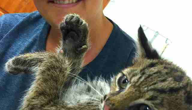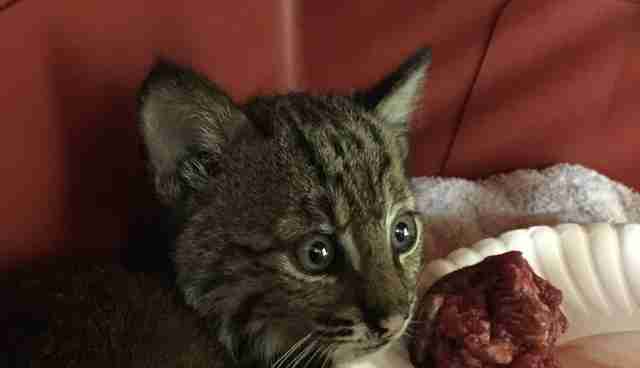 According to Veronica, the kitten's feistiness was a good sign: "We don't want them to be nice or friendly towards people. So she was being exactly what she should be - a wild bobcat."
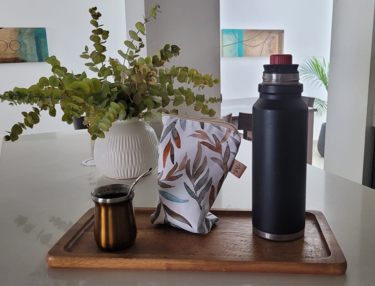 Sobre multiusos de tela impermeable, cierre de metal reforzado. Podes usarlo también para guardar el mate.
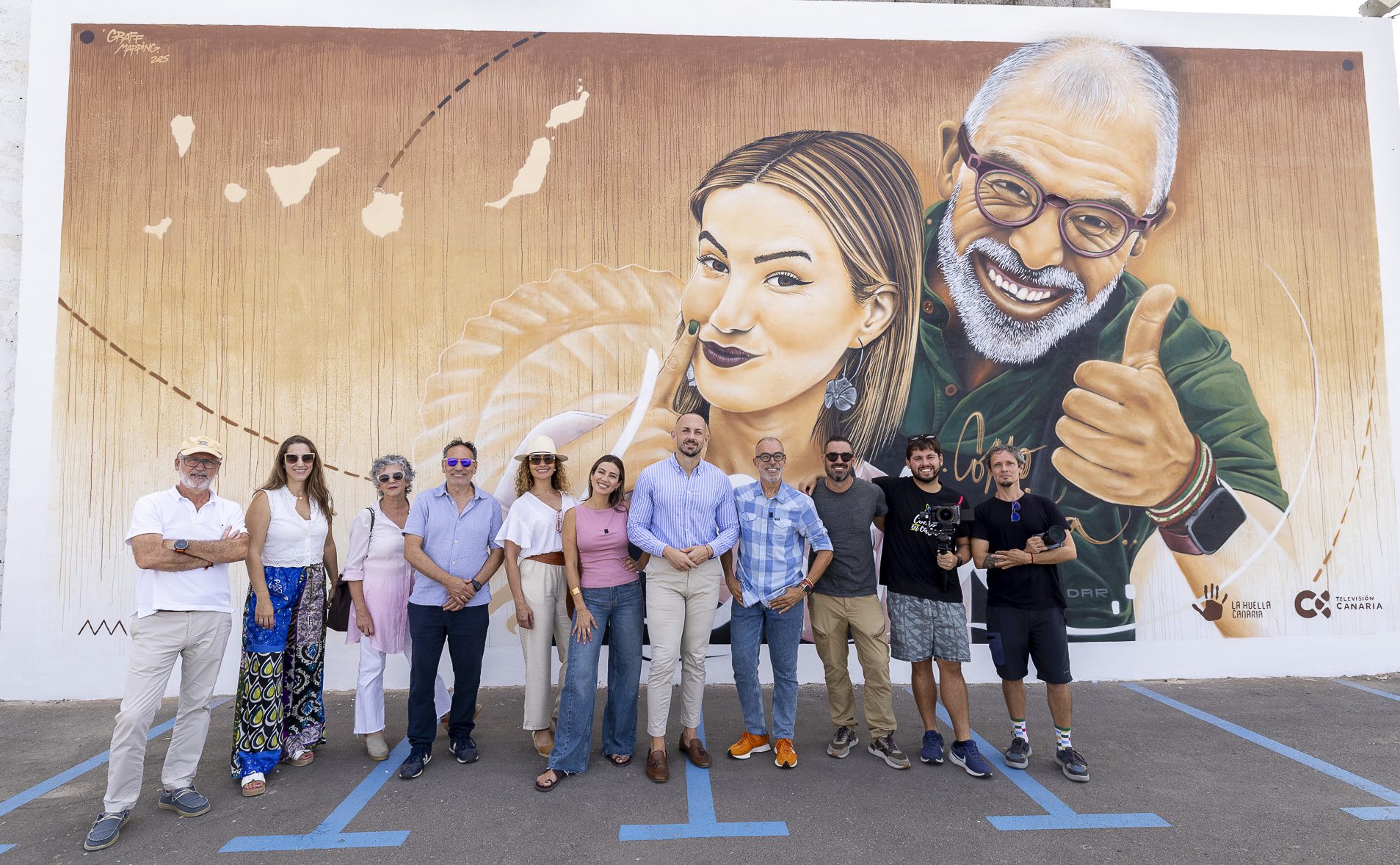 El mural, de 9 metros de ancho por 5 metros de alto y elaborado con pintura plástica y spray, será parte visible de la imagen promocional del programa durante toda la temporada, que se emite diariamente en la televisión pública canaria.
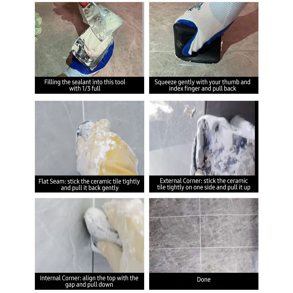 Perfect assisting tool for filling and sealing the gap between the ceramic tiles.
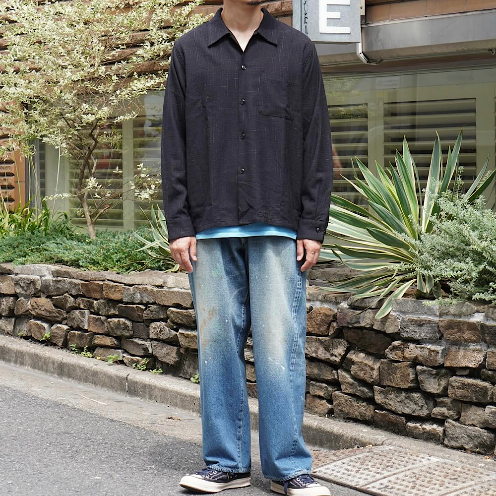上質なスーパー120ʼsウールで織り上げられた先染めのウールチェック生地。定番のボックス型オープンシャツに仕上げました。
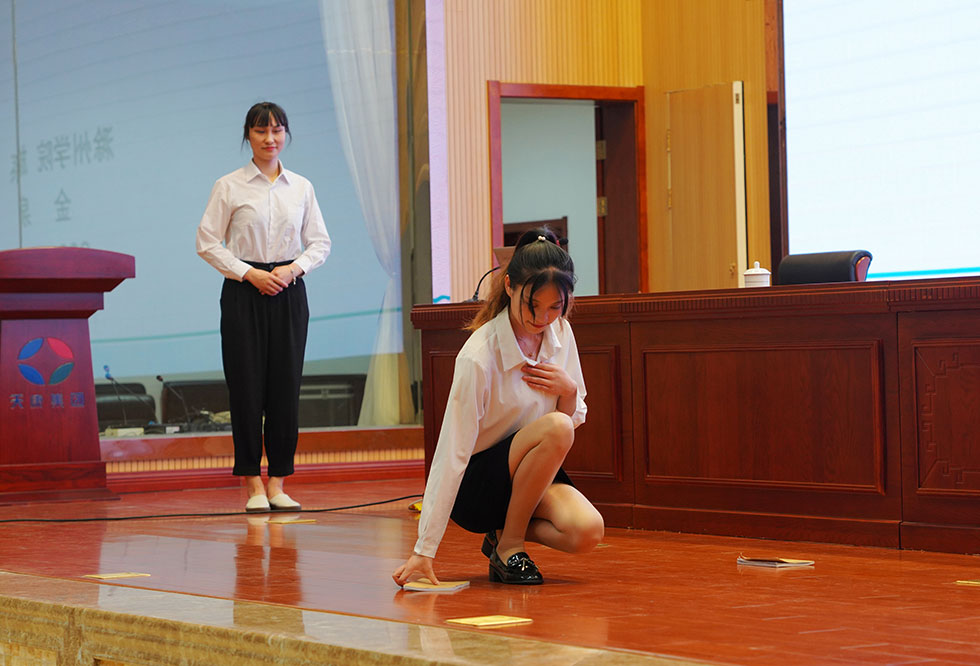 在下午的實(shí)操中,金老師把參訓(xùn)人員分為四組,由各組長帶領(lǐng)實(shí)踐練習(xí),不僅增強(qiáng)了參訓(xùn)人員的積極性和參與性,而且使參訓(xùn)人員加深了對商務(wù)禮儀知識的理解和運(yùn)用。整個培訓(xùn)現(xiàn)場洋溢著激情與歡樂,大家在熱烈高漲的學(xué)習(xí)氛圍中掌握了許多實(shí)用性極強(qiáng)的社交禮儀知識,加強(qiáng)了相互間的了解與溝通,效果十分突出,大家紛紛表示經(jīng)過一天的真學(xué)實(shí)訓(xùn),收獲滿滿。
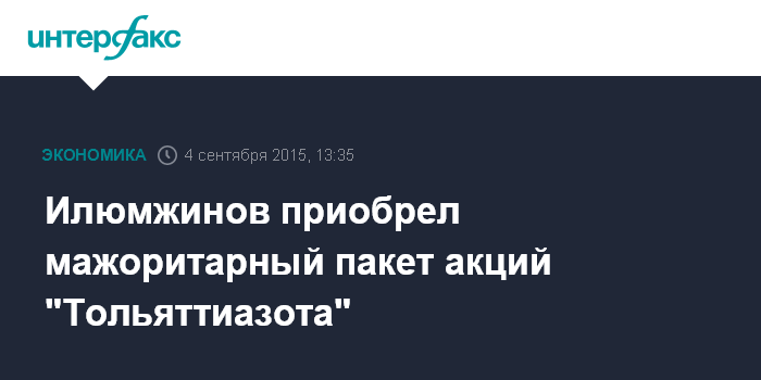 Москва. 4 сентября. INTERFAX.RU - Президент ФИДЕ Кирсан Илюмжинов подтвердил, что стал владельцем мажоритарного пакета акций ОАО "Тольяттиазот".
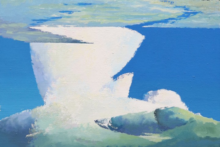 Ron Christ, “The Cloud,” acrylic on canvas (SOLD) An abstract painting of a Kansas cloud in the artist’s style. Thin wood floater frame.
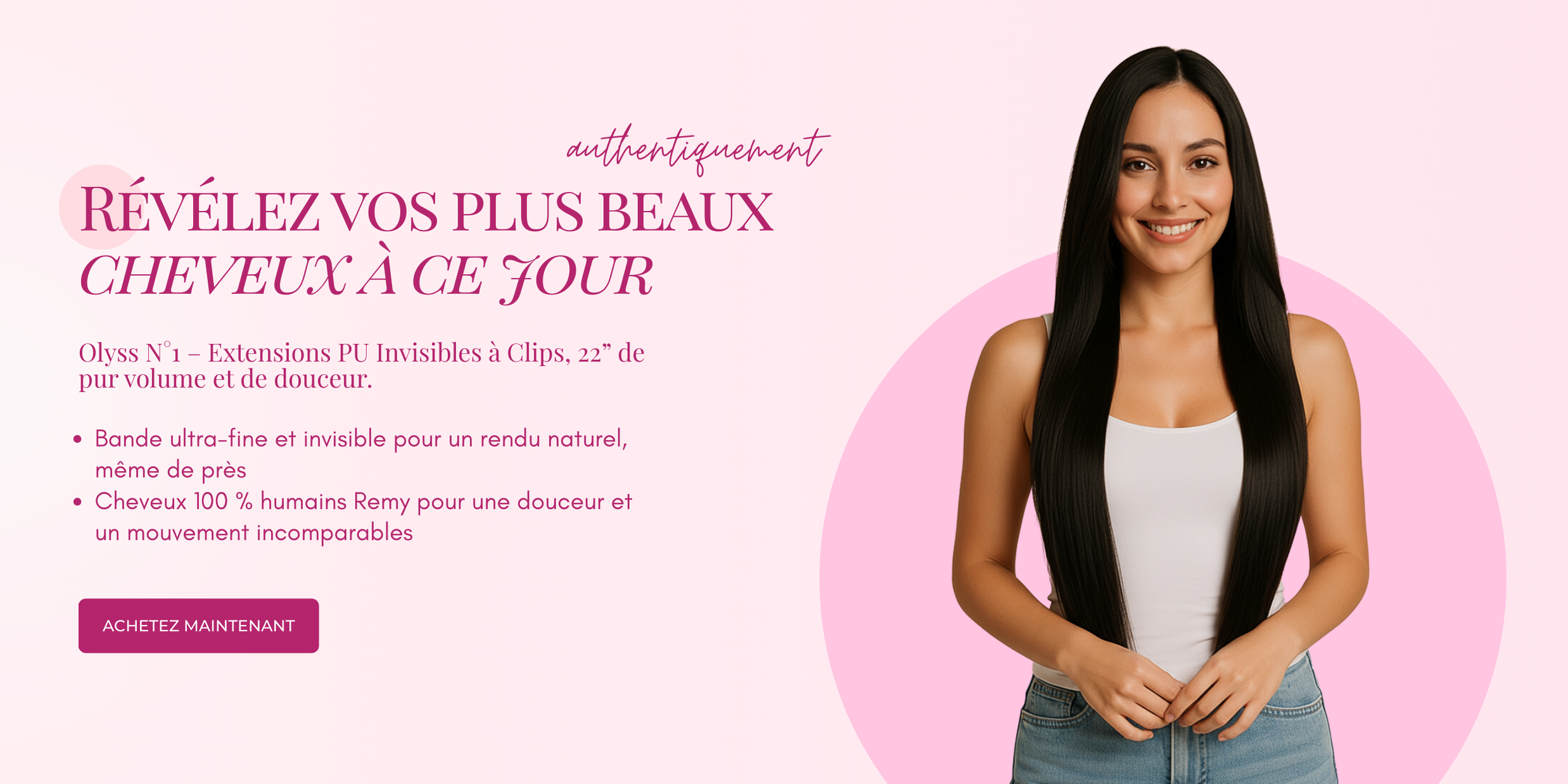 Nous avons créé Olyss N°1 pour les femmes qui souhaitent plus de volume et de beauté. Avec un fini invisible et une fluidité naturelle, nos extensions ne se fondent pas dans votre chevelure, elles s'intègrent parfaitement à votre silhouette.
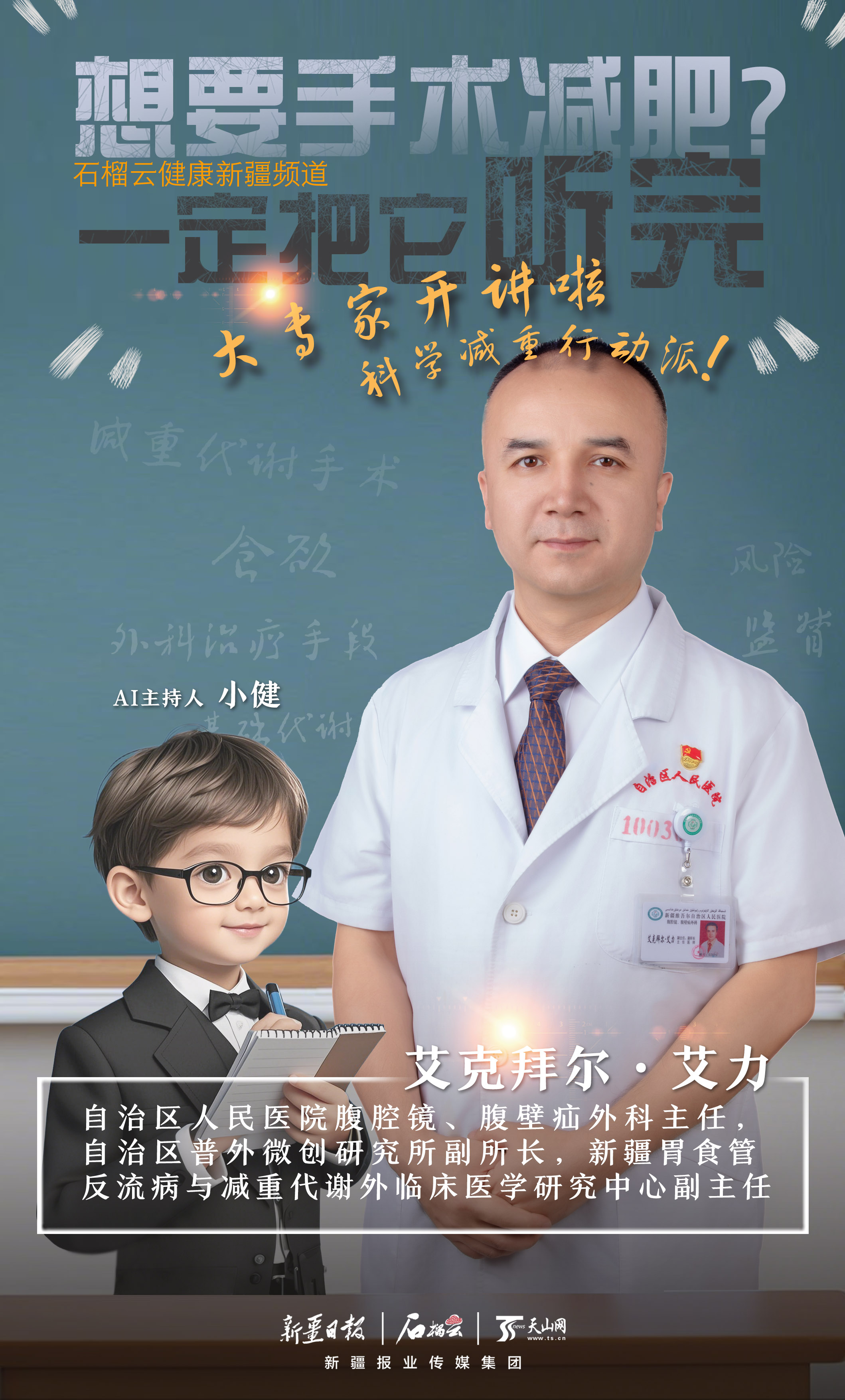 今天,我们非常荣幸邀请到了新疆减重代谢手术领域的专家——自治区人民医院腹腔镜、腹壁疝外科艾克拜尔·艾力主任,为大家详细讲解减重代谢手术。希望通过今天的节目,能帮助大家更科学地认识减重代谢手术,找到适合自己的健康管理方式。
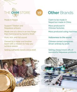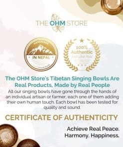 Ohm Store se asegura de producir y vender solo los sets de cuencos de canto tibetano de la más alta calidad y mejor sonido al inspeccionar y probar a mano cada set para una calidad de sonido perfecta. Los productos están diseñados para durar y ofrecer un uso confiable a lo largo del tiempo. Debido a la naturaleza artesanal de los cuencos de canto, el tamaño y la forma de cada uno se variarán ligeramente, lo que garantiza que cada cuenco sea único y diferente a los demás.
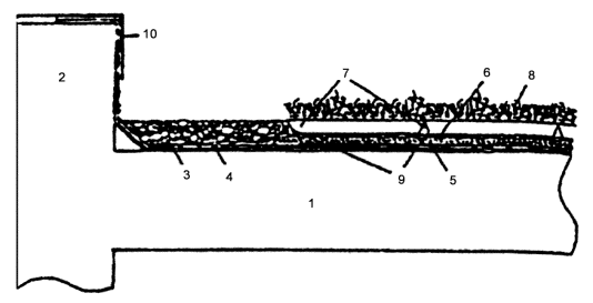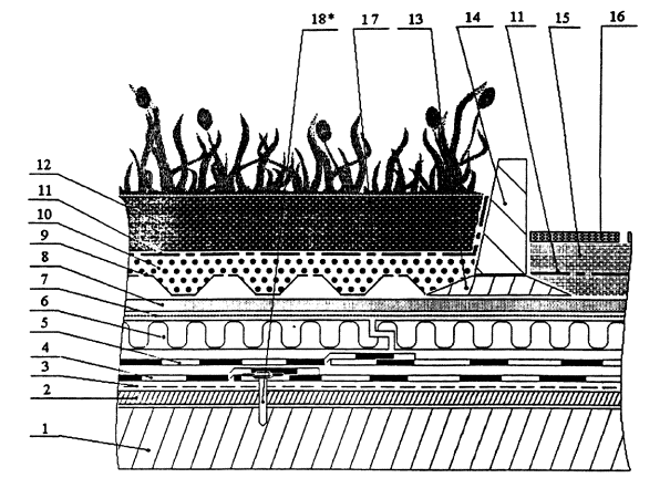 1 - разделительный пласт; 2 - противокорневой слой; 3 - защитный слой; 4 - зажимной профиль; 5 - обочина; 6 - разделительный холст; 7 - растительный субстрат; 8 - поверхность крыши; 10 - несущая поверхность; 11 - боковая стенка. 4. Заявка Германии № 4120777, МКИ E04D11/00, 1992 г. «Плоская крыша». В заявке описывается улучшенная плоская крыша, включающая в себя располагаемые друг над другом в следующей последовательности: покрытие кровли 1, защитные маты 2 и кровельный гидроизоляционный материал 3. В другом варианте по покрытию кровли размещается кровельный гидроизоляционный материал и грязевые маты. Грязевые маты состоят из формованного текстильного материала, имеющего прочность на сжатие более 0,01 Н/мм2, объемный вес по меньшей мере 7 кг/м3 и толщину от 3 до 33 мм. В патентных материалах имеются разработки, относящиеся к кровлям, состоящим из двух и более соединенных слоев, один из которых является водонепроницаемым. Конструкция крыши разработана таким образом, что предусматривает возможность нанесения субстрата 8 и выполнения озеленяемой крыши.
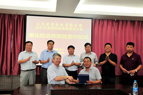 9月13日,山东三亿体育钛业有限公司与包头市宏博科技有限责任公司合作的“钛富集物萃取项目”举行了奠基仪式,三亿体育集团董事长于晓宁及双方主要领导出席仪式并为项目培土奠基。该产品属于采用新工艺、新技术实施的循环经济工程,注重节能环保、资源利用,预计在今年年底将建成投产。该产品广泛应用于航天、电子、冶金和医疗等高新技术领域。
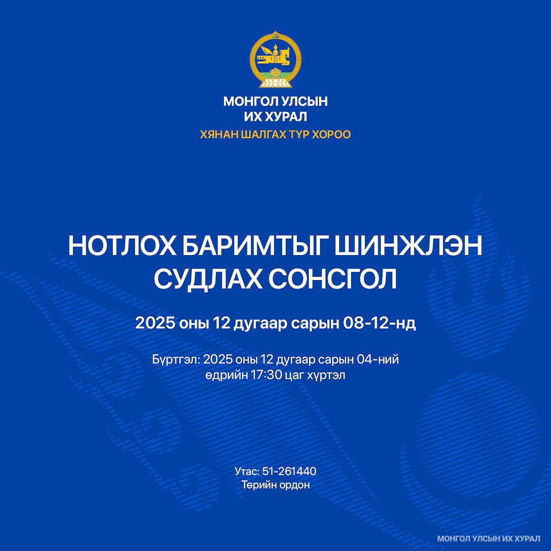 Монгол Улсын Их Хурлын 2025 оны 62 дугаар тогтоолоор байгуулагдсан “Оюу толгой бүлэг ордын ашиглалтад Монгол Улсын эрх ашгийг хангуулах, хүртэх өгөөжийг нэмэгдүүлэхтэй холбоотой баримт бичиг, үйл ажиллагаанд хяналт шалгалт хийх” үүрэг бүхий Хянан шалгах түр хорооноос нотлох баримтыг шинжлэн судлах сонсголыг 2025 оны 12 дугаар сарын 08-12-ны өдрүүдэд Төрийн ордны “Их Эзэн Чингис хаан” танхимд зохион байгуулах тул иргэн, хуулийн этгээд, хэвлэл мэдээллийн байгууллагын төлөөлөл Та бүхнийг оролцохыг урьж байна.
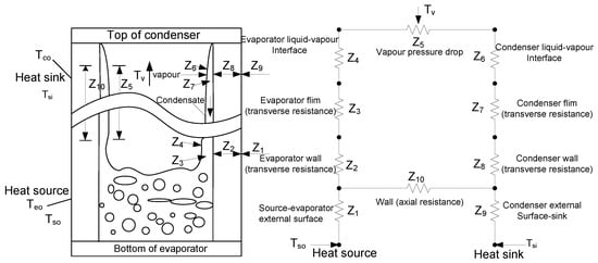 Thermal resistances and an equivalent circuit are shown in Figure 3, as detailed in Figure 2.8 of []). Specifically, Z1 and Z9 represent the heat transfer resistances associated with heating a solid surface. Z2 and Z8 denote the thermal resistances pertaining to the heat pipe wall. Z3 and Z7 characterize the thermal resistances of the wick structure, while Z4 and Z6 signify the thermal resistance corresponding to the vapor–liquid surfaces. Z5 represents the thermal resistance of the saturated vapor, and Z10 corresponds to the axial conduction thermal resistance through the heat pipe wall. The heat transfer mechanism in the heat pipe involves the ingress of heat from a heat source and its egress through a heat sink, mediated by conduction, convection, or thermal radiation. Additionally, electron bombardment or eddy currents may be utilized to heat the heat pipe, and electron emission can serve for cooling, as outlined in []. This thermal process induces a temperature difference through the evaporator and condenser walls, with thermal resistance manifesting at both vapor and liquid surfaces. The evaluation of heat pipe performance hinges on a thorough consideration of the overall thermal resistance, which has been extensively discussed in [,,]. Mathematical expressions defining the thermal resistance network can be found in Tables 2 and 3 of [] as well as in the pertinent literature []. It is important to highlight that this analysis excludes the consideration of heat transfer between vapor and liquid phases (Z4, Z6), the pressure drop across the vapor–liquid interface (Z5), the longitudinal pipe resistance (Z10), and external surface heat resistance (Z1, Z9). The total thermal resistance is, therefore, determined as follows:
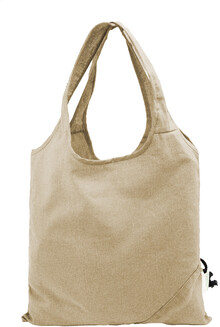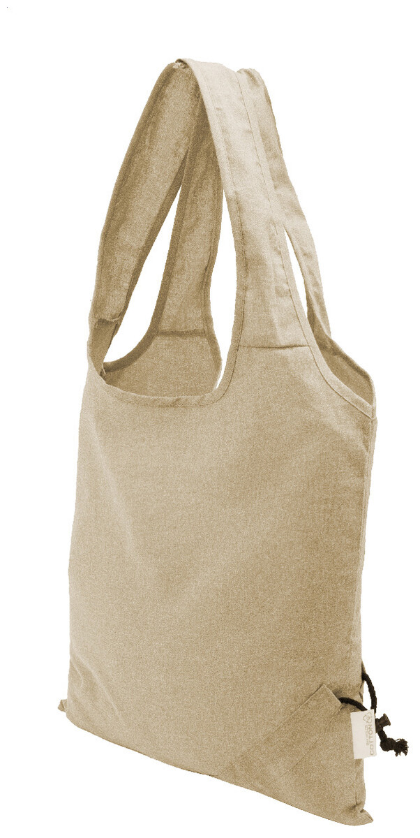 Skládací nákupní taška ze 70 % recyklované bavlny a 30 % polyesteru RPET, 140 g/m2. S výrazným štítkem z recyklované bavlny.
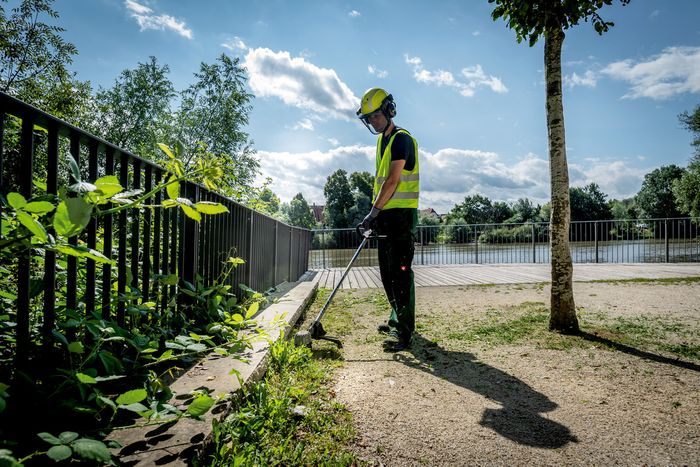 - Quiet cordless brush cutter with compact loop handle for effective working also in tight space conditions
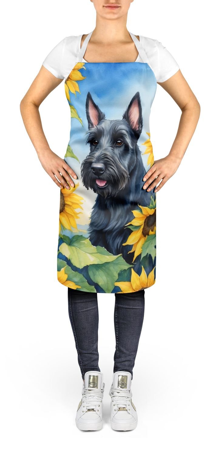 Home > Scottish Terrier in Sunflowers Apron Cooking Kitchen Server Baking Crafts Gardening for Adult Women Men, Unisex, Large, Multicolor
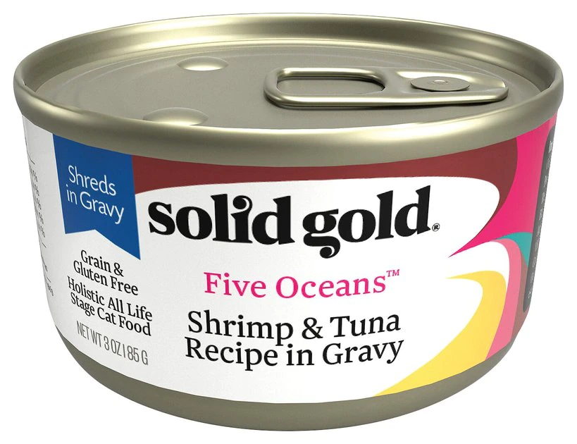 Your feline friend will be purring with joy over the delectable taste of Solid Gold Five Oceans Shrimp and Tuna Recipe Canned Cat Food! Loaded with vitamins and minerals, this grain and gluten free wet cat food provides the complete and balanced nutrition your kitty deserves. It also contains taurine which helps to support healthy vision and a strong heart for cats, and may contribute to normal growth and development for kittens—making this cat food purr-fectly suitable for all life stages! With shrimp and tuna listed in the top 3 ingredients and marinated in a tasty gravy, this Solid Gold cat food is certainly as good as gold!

+ + + +

Work required — Those lines of the records above that run from the one containing "上質なスーパー120ʼsウー" through the one containing "wood floater frame." should be returned exactly, with no pictures among them.

Expected answer —
上質なスーパー120ʼsウールで織り上げられた先染めのウールチェック生地。定番のボックス型オープンシャツに仕上げました。
 在下午的實(shí)操中,金老師把參訓(xùn)人員分為四組,由各組長帶領(lǐng)實(shí)踐練習(xí),不僅增強(qiáng)了參訓(xùn)人員的積極性和參與性,而且使參訓(xùn)人員加深了對商務(wù)禮儀知識的理解和運(yùn)用。整個培訓(xùn)現(xiàn)場洋溢著激情與歡樂,大家在熱烈高漲的學(xué)習(xí)氛圍中掌握了許多實(shí)用性極強(qiáng)的社交禮儀知識,加強(qiáng)了相互間的了解與溝通,效果十分突出,大家紛紛表示經(jīng)過一天的真學(xué)實(shí)訓(xùn),收獲滿滿。
 Москва. 4 сентября. INTERFAX.RU - Президент ФИДЕ Кирсан Илюмжинов подтвердил, что стал владельцем мажоритарного пакета акций ОАО "Тольяттиазот".
 Ron Christ, “The Cloud,” acrylic on canvas (SOLD) An abstract painting of a Kansas cloud in the artist’s style. Thin wood floater frame.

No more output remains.